## [Problem details]
All of the entries below need repeating exactly, apart from their images.

## [Dataset items]
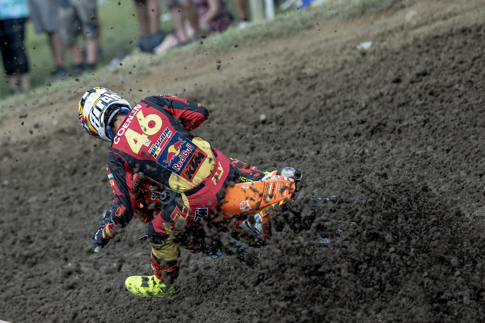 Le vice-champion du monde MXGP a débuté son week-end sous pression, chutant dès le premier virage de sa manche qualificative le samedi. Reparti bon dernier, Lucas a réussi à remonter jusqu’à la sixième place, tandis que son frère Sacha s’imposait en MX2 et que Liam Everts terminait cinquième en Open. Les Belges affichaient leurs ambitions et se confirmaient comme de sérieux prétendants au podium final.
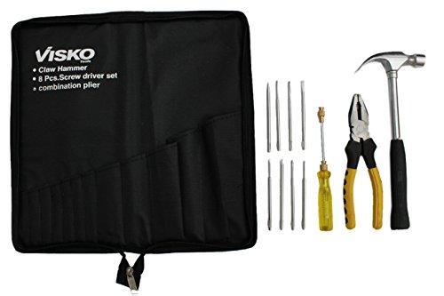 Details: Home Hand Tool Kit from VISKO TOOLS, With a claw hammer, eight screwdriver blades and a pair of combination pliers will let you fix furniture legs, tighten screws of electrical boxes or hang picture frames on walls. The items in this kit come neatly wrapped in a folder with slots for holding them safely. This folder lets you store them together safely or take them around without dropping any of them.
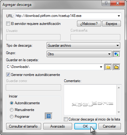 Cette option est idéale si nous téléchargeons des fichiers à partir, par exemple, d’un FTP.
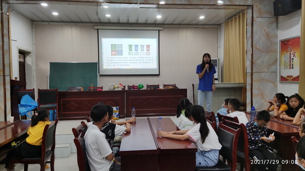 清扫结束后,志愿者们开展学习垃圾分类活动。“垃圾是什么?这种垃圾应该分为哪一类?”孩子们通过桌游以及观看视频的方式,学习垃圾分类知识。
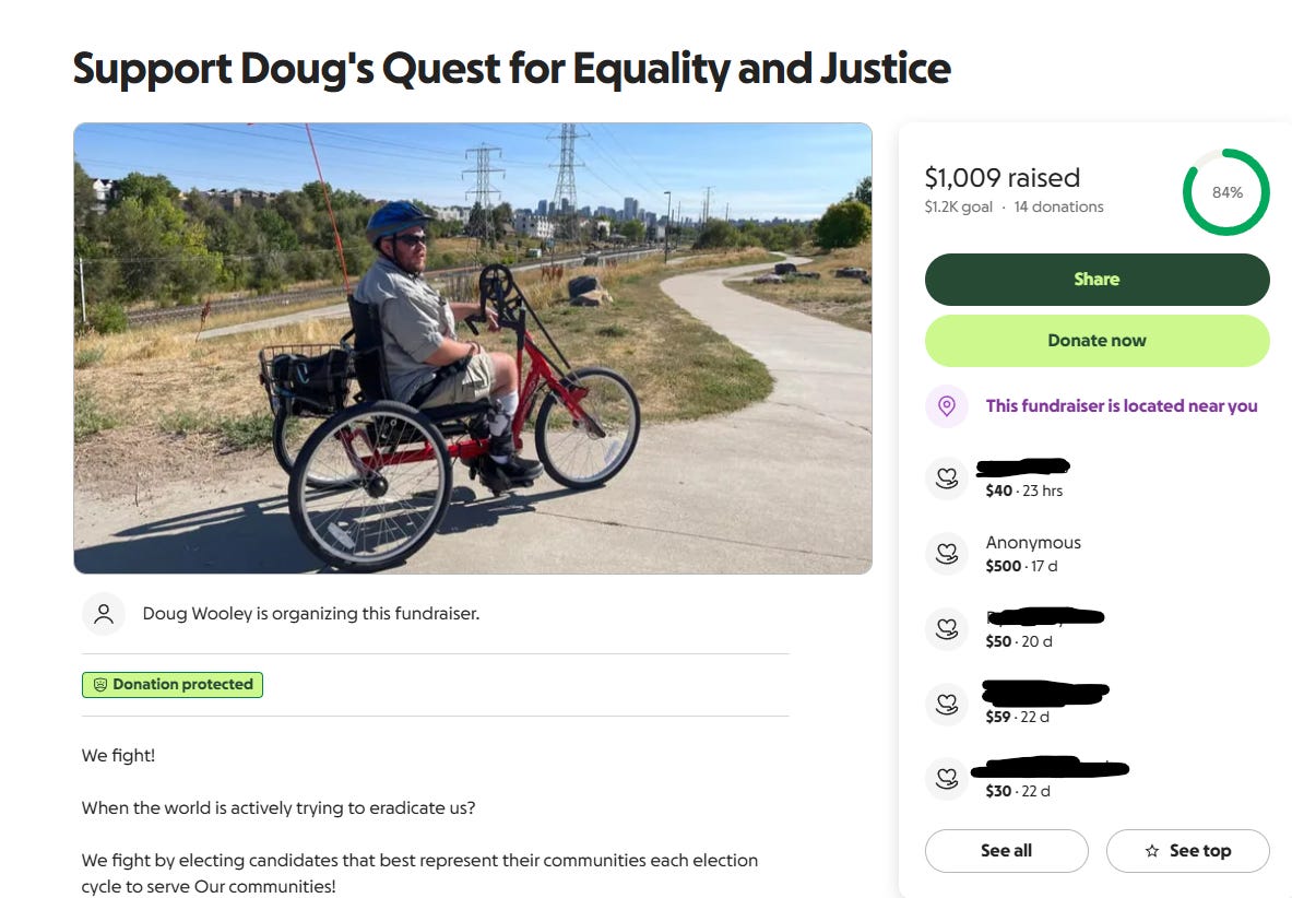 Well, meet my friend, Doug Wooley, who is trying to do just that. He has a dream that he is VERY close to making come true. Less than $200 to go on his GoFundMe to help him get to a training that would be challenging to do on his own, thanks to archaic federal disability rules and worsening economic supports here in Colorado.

## [Task output]
 Le vice-champion du monde MXGP a débuté son week-end sous pression, chutant dès le premier virage de sa manche qualificative le samedi. Reparti bon dernier, Lucas a réussi à remonter jusqu’à la sixième place, tandis que son frère Sacha s’imposait en MX2 et que Liam Everts terminait cinquième en Open. Les Belges affichaient leurs ambitions et se confirmaient comme de sérieux prétendants au podium final.
 Details: Home Hand Tool Kit from VISKO TOOLS, With a claw hammer, eight screwdriver blades and a pair of combination pliers will let you fix furniture legs, tighten screws of electrical boxes or hang picture frames on walls. The items in this kit come neatly wrapped in a folder with slots for holding them safely. This folder lets you store them together safely or take them around without dropping any of them.
 Cette option est idéale si nous téléchargeons des fichiers à partir, par exemple, d’un FTP.
 清扫结束后,志愿者们开展学习垃圾分类活动。“垃圾是什么?这种垃圾应该分为哪一类?”孩子们通过桌游以及观看视频的方式,学习垃圾分类知识。
 Well, meet my friend, Doug Wooley, who is trying to do just that. He has a dream that he is VERY close to making come true. Less than $200 to go on his GoFundMe to help him get to a training that would be challenging to do on his own, thanks to archaic federal disability rules and worsening economic supports here in Colorado.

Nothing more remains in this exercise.